→ Work task: When you reach the line containing "Стол кухонный овальный", start transcribing exactly and continue through the last line of the data, skipping every picture.
##### Information shown
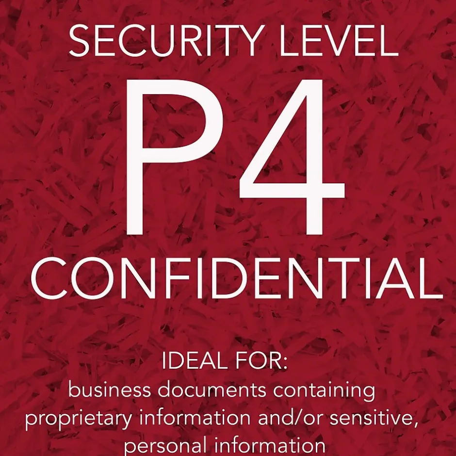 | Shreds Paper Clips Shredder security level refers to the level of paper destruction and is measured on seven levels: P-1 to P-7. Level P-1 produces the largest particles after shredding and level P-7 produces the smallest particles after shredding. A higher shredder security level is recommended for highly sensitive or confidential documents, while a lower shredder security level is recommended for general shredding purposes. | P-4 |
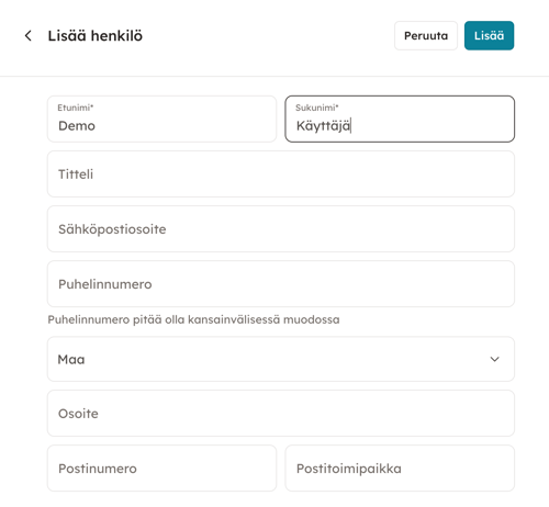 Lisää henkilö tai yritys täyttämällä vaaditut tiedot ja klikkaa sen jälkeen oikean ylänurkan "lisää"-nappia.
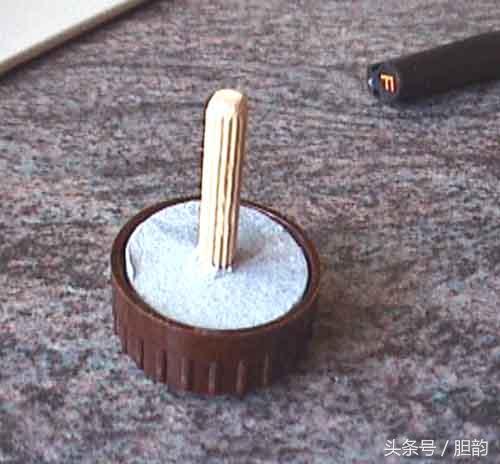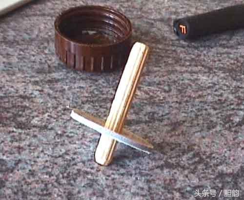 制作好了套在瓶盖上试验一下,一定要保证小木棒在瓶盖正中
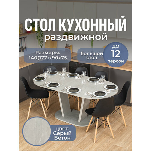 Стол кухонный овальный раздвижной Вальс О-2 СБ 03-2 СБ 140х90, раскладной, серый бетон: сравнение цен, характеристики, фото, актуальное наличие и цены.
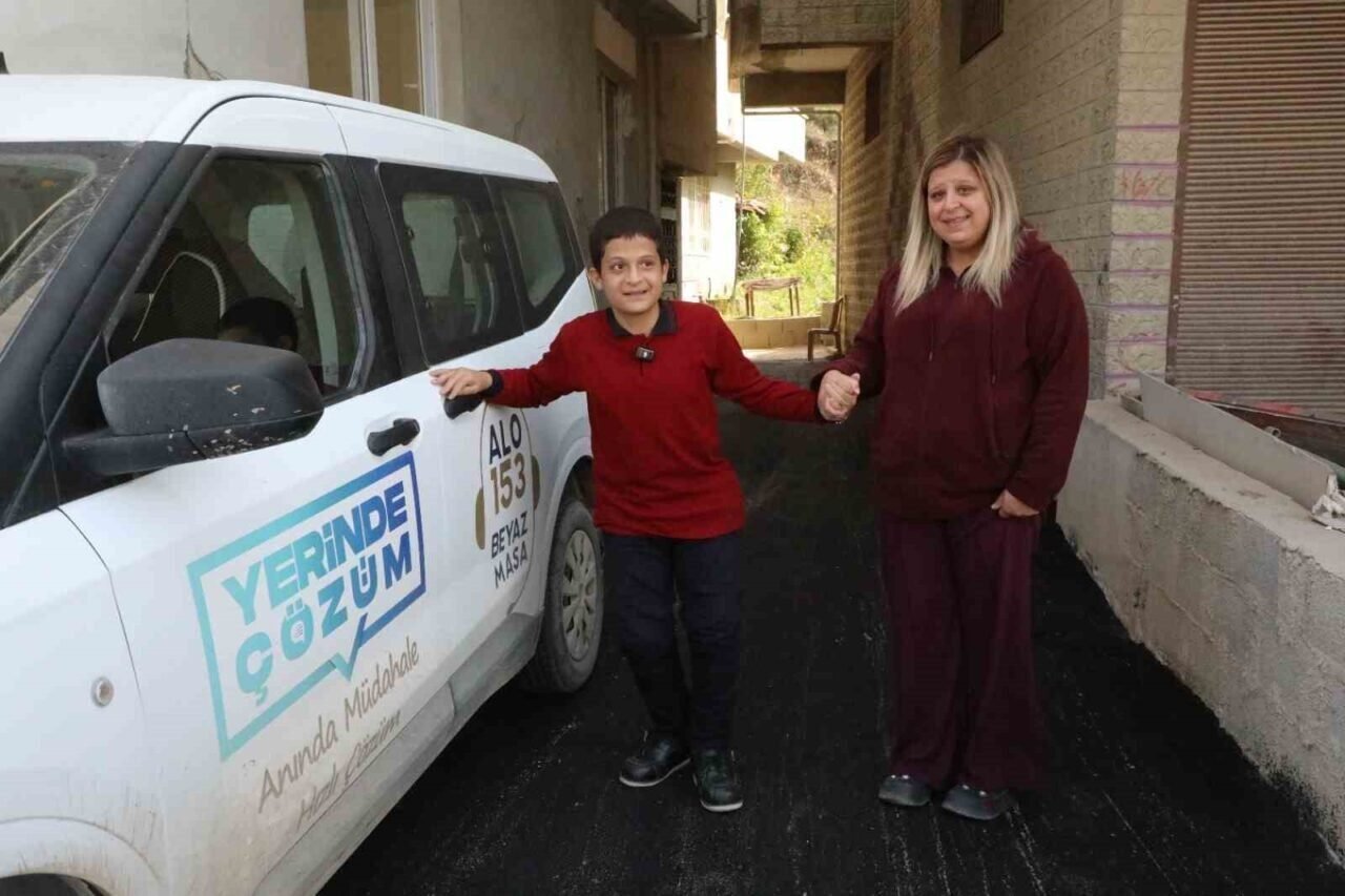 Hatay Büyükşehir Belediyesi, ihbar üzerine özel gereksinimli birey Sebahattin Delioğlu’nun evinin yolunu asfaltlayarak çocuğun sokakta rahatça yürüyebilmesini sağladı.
##########
→ Expected answer:
 Стол кухонный овальный раздвижной Вальс О-2 СБ 03-2 СБ 140х90, раскладной, серый бетон: сравнение цен, характеристики, фото, актуальное наличие и цены.
 Hatay Büyükşehir Belediyesi, ihbar üzerine özel gereksinimli birey Sebahattin Delioğlu’nun evinin yolunu asfaltlayarak çocuğun sokakta rahatça yürüyebilmesini sağladı.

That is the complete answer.